-- Problem requirements --
The answer must be the full data, restated word for word, with no pictures in it.

#### Data extract ####

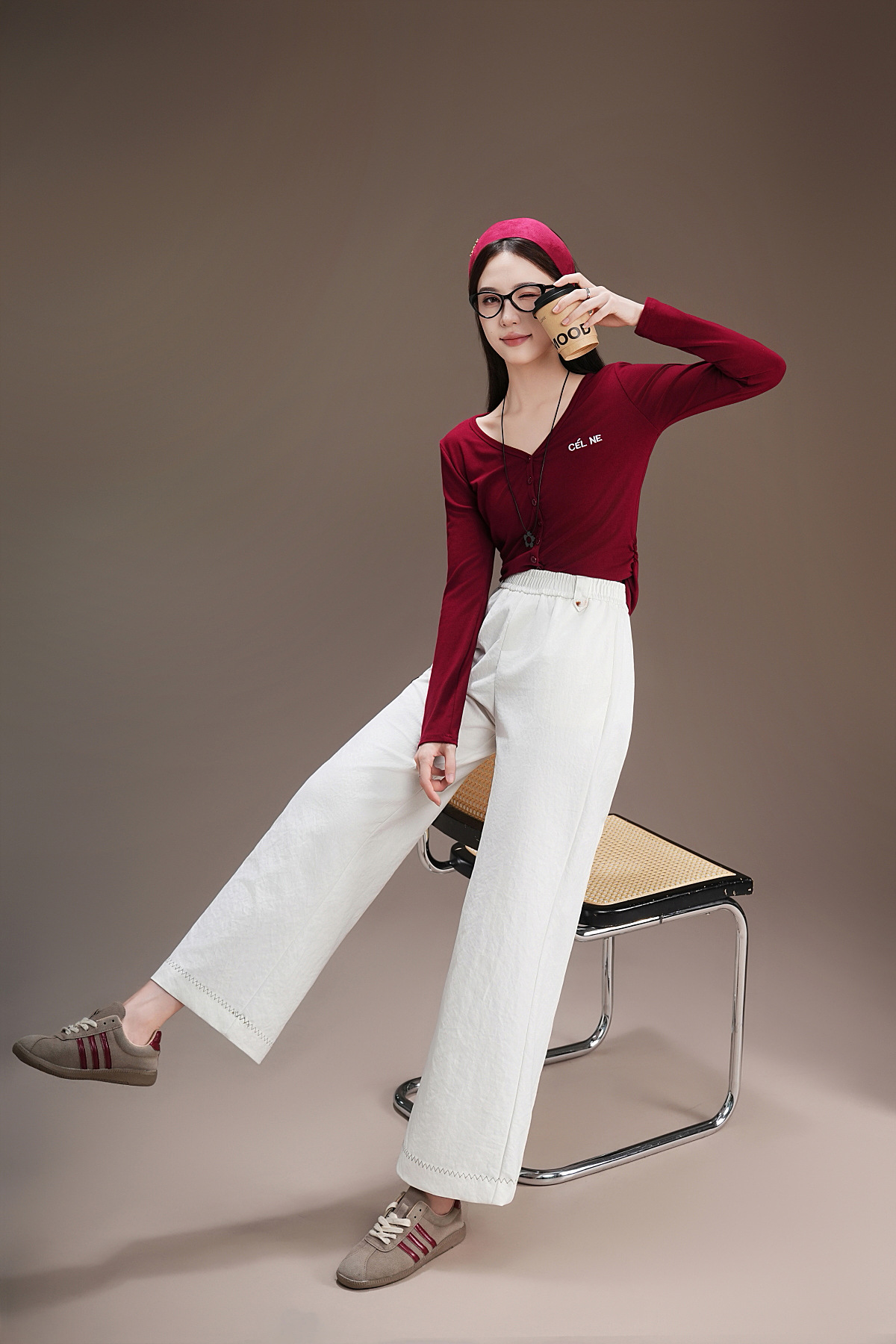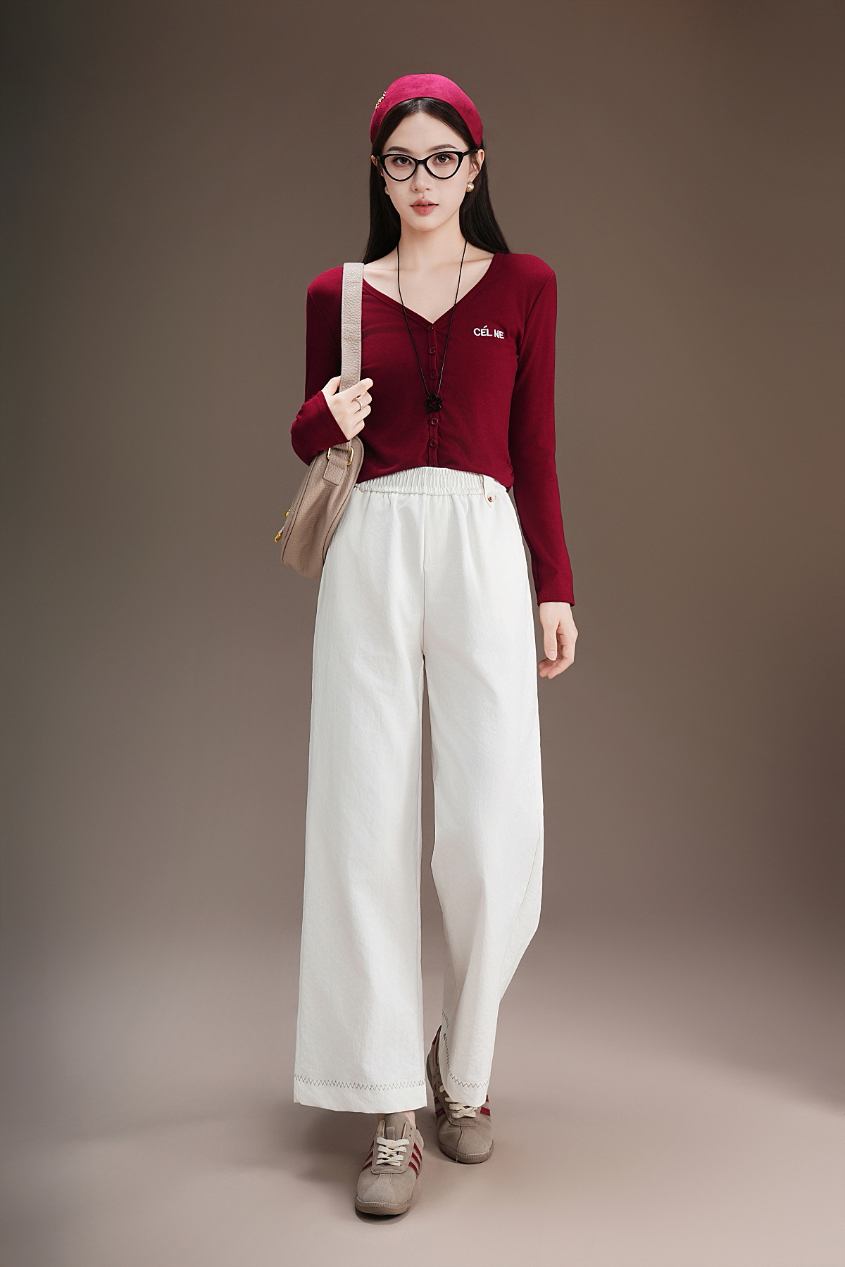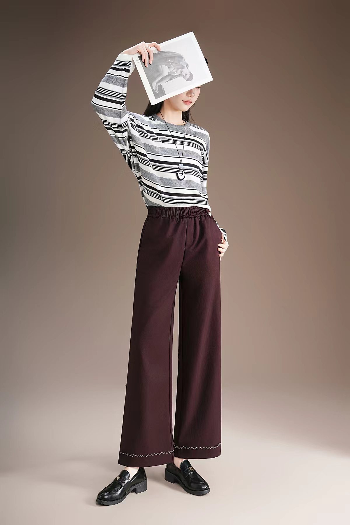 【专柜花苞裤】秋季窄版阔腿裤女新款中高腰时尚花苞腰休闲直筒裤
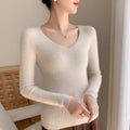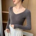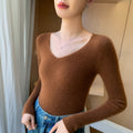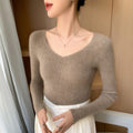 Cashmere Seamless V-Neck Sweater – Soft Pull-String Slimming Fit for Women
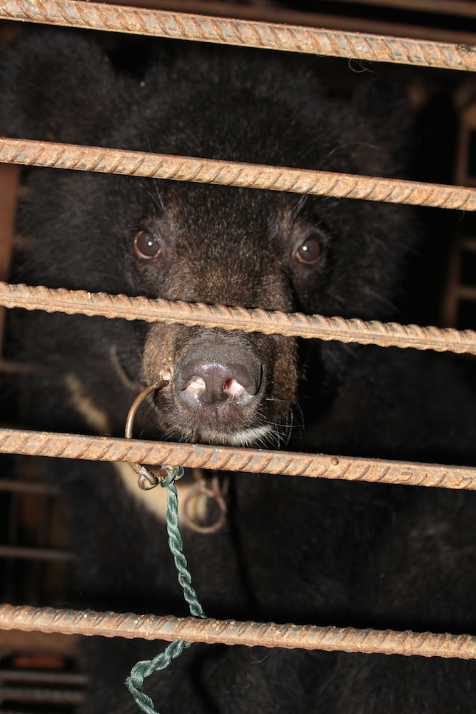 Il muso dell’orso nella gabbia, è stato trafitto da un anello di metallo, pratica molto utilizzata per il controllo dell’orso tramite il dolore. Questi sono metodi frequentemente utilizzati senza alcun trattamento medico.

####

-- Reply to the exercise --
 【专柜花苞裤】秋季窄版阔腿裤女新款中高腰时尚花苞腰休闲直筒裤
 Cashmere Seamless V-Neck Sweater – Soft Pull-String Slimming Fit for Women
 Il muso dell’orso nella gabbia, è stato trafitto da un anello di metallo, pratica molto utilizzata per il controllo dell’orso tramite il dolore. Questi sono metodi frequentemente utilizzati senza alcun trattamento medico.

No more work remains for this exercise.